At the age of 14, Colorado native Terrance Roberts joined the Denver Bloods street gang in his hometown of Park Hill. He did so, Roberts said, because he loved his neighborhood and wanted to protect it from rival gangs.
“I didn’t become a Blood because I liked wearing red,” Roberts said. “I became a Blood because that was how I could represent the community I was from.”
Eventually, Roberts’ path led him to receive a 10-year prison sentence. When he got out, Roberts dedicated his life to anti-gang and anti-violence activism. He found some inspiration from reading the autobiographies of Malcolm X and Martin Luther King Jr. while incarcerated.
Roberts’ subsequent life story involves multiple moving parts: the often-dangerous nature of community activism, Roberts’ attempt to redevelop a square block in Park Hill known as The Holly, and the Black community’s struggle against gentrification in America. (Gentrification describes the process of incoming wealthy residents changing the character of a poor urban area, typically displacing current residents.)
As part of an ongoing film series called “Black, Bold and Brilliant,” the Utah Film Center held a free screening of the 2022 feature-length documentary “The Holly” (referencing the square block of the same name) on Wednesday, Feb. 7, at the Salt Lake City Library. The film covers Roberts’ journey and the Black community in and around Park Hill.
Each film in the center’s series address issues like the disenfranchisement of marginalized groups in cities across the United States, particularly Black Americans. Through film critique and post-screening discussions, audiences uncover truth and different perspectives at every collaborative event.
Program Manager for the series, Russell Roots, said the idea to show “The Holly” originally came from Denver native Gavin Dahl, executive director of the local nonprofit radio station KRCL 90.9 FM. Both Roots and Dahl agreed that the story told in “The Holly” was fitting for the series.
“The film is about urban development … [in] neighborhoods that are seen as not as valuable or that are under-resourced, which is not necessarily by accident,” Roots said. “These neighborhoods are perpetually the way they are for a reason, and that’s essentially what [‘The Holly’] is about.”
Writer and director of “The Holly,” independent journalist Julian Rubinstein, attended last Wednesday’s screening for a post-Q&A discussion. The film is based on Rubinstein’s book of the same name and follows Rubinstein as he documents eight years of Roberts’ life.
“Black, Bold and Brilliant” programmers Aja Washington and Risshan Leak joined Rubinstein and posed questions of their own for him as well as Roberts, who appeared via Zoom on a large screen. Roberts now lives in California, but he said he has done work in Los Angeles, San Francisco and even Haiti, helping communities that wish to resist systemic disenfranchisement.
“Many people probably don’t know this, but Denver is the number two most gentrified city in America, behind San Francisco,” Roberts told the audience at one point.
During the Q&A, Roberts repeatedly described the city government in Denver as a “good ol’ boys club,” where money wins and Black culture in places like Holly Square is often shoved aside in the name of “urban development.”
Roberts ultimately left Denver after clashes with law enforcement when he organized massive protests over Elijah McClain, a 23-year-old Black man who died from a lethal dose of ketamine while detained by police in Aurora, Colorado, in 2019.
After that, Roberts said, is when he became outspoken against police brutality and rebranded himself from an “activist” to a “revolutionary.” Roberts prefers “revolutionary,” he told the audience, because he believes the word “activist” has recently become something of a catchphrase or trend.
Throughout the Q&A, the panelists also discussed the merits of independent journalism. For instance, panelists brought up how local news stations in Denver prematurely reported Roberts as guilty when he went to trial in 2013 for shooting a younger gang member in self-defense. A jury later found Roberts not guilty.
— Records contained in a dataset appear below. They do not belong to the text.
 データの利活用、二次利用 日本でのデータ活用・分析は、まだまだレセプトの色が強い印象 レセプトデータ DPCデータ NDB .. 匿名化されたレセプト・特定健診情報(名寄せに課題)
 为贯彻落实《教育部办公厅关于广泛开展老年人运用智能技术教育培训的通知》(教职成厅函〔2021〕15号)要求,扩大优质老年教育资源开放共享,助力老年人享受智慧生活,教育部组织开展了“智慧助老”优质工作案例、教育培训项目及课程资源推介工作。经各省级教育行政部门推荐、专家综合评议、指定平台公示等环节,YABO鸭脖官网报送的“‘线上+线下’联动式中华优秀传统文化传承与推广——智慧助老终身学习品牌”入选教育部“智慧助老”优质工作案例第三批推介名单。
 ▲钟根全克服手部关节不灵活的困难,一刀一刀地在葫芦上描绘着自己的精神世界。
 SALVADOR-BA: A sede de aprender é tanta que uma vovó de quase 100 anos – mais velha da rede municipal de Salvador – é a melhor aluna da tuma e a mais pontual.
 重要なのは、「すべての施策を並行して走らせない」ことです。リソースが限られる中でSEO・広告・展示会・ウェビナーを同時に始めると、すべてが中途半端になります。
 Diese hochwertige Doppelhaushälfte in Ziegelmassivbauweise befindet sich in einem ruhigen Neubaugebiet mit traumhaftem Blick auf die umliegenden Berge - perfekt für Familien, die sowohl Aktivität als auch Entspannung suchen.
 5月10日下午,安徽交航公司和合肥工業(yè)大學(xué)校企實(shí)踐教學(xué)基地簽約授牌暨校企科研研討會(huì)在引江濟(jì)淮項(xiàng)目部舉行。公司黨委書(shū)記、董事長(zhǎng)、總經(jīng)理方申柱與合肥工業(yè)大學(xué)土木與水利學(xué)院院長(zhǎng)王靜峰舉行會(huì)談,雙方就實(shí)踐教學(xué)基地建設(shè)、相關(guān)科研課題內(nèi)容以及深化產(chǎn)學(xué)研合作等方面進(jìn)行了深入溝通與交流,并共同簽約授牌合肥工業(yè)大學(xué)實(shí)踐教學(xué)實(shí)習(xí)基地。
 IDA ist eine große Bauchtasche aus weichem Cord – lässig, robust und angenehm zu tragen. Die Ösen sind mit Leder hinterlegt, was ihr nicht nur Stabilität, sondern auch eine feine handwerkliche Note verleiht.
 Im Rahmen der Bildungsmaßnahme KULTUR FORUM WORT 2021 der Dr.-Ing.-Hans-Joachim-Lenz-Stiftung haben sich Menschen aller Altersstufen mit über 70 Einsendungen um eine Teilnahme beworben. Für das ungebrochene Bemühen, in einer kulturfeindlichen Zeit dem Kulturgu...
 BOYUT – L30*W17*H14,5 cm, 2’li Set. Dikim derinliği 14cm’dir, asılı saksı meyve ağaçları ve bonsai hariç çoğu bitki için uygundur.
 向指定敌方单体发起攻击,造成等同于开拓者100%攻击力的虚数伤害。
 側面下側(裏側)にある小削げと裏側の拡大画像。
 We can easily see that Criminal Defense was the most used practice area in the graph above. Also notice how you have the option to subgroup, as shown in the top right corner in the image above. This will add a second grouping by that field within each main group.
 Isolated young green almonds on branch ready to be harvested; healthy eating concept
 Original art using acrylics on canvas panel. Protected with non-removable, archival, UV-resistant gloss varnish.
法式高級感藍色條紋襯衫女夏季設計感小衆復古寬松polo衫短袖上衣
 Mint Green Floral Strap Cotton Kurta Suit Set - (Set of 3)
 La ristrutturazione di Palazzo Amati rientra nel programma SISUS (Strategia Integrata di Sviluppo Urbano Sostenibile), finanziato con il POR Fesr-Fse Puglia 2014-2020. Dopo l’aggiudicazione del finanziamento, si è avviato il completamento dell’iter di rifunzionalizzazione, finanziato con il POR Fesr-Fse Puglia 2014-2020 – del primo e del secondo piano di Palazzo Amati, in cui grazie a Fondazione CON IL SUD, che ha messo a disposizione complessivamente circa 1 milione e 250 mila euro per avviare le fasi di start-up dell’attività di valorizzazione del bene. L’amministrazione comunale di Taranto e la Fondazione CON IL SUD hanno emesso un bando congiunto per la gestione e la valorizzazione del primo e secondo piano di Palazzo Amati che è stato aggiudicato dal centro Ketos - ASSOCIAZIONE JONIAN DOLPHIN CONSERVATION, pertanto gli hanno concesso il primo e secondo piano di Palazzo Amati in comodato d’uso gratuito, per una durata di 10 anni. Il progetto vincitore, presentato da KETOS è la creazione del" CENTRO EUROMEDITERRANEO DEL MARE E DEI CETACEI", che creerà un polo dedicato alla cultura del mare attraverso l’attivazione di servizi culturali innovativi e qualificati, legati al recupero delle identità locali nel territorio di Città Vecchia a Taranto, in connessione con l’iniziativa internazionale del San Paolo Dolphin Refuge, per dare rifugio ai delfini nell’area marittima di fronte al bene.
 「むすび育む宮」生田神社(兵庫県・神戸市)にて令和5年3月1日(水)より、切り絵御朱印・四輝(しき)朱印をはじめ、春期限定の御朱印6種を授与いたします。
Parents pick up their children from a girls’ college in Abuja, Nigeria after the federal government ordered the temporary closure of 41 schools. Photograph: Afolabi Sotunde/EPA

Beyond gleaning a deeper understanding of the complex interactions between criminal injustice, city governments and urban development, audience members of last Wednesday’s screening wanted to know how they could apply what they learned from the film and discussion to the situations here in Salt Lake.
“There are disenfranchised communities here [in Salt Lake],” Roots said. “Whether they be Black, Brown, Asian, Polynesian, immigrant … any community that’s facing gentrification and redevelopment [is] in the crosshairs of what happens in ‘The Holly.’”
“These are the marginalized communities that are not held up in the same ways that a lot of other communities are,” Roots continued. “They don’t get the same legislative representation, they don’t have the same judicial leniency, so, as someone says in the film, you get ‘one strike’ and you’re done, rather than five or 10 or however many.”
The next screening in the “Black, Bold and Brillian” film series is set for March 6 at 7 p.m., again at the Salt Lake City Library (210 E. 400 S.). Visit the Utah Film Center website to reserve free tickets.